2023/12/19 02:16:44 - parent_pipeline - Pipeline is killing the other transforms!
2023/12/19 02:16:44 - sub_pipeline_1.hpl.0 - Finished processing (I=0, O=0, R=1, W=10, U=0, E=0)
2023/12/19 02:16:44 - parent_pipeline - Pipeline duration : 0.465 seconds [  0.465" ]
2023/12/19 02:16:44 - parent_pipeline - Execution finished on a local pipeline engine with run configuration 'local'

An exactly analogous setup in Spoon (General Availability Release - 9.4.0.0-343) throws no errors. I've attached a compressed .zip file of the example: example.zip. Note that to observe the behavior you should:

  1. unzip the example.zip.
  2. run hop-gui.bat.
  3. open the ../example/parent_pipeline.hpl pipeline.
  4. ensure that the paths to sub_pipeline_1.hpl and sub_pipeline_2.hpl resolve correctly within the respective Pipeline Executor components.
  5. preview rows for the Dummy (Do Nothing) component - observe that there are no errors.
  6. disable the hop between sub_pipeline_1.hpl and Dummy (Do Nothing).
  7. DELETE and then reestablish a hop between sub_pipeline_1.hpl and sub_pipeline_2.hpl, choosing option = This output will contain the result rows after execution.
  8. enable the hop between sub_pipeline_2.hpl and Dummy (Do Nothing).
  9. again preview rows for the Dummy (Do Nothing) component - observe the error from above.

Issue Priority

Priority: 1

Issue Component

Component: Pipelines

bamaer commented 11 months ago

confirmed, thanks for the detailed example and reproduction path!
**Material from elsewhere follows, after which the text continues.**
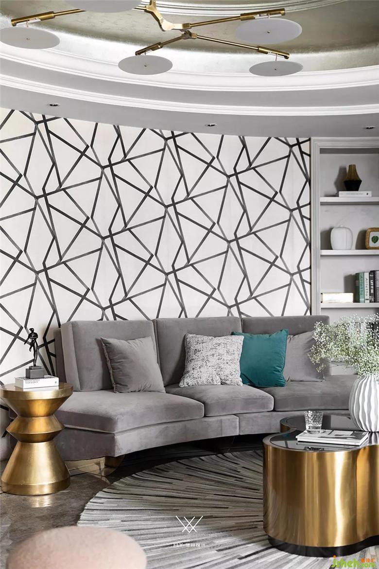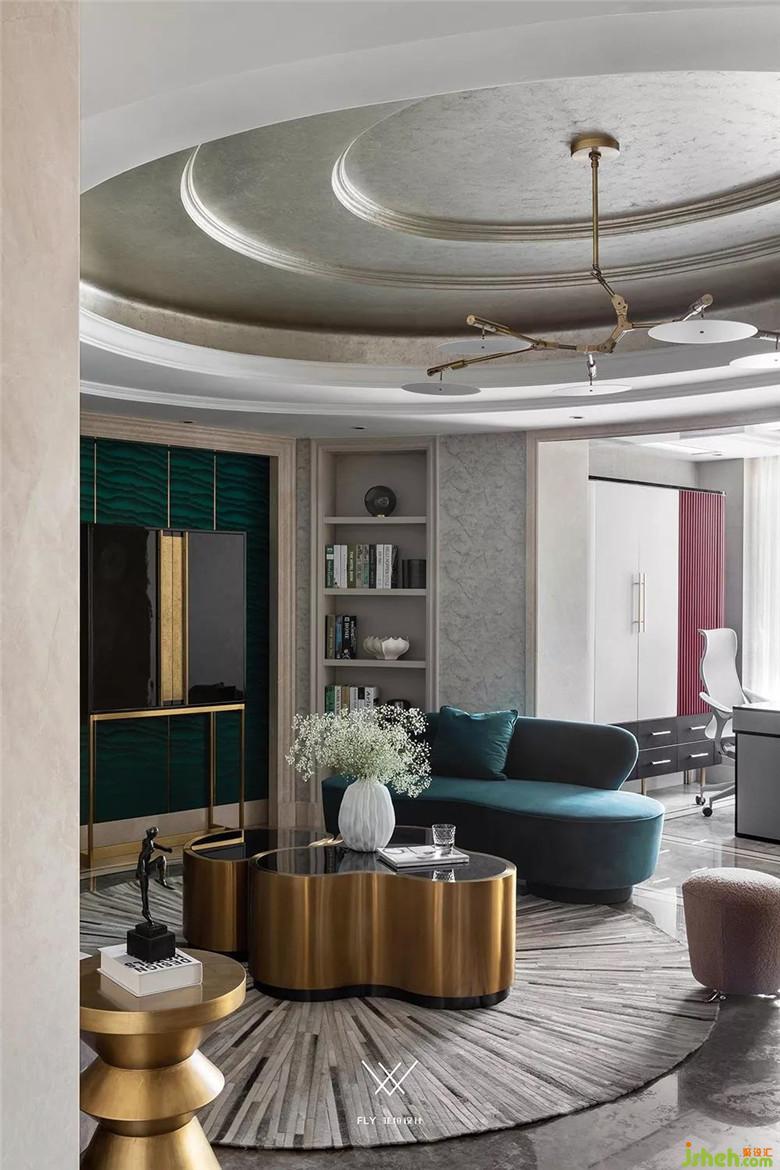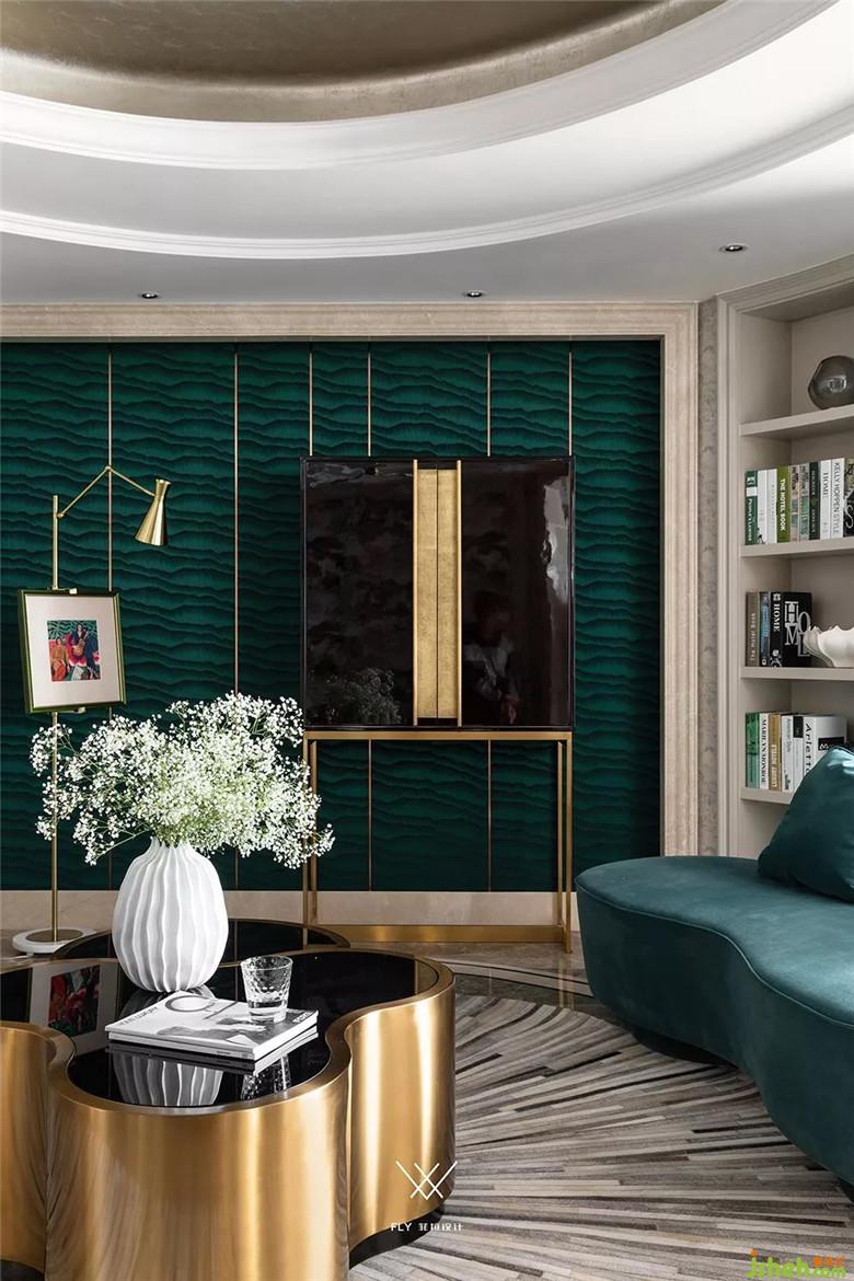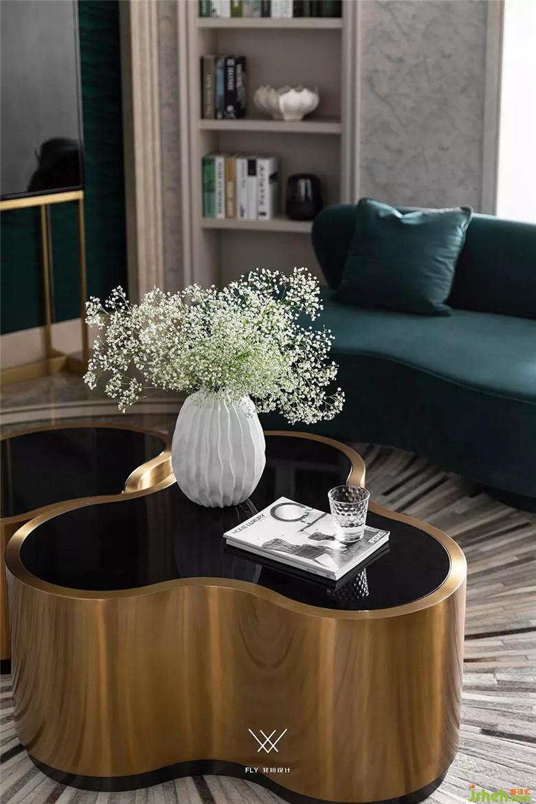 家具參考紐約時尚都市的輕奢氣質,選擇了絨布質感的兩款弧形沙發(fā)互相呼應、金屬材質的茶幾和邊幾、馬毛放射狀圓地毯。背景墻擺放了酒柜形式的儲物裝飾柜,周圍的飾品選擇GLOBAL VIEW的進口花器和果盤,兼具觀賞性和實用性。

nadment commented 10 months ago

I've found the reason for the bug in the BaseTransformMeta.createTransformData() method for RecordsFromStreamMeta, so the code needs to be strengthened for this reflexive operation.

nadment commented 10 months ago

As a workaround, you can replace the "Get records from stream" transformation with "Get Rows from Result" in sub_pipeline_2.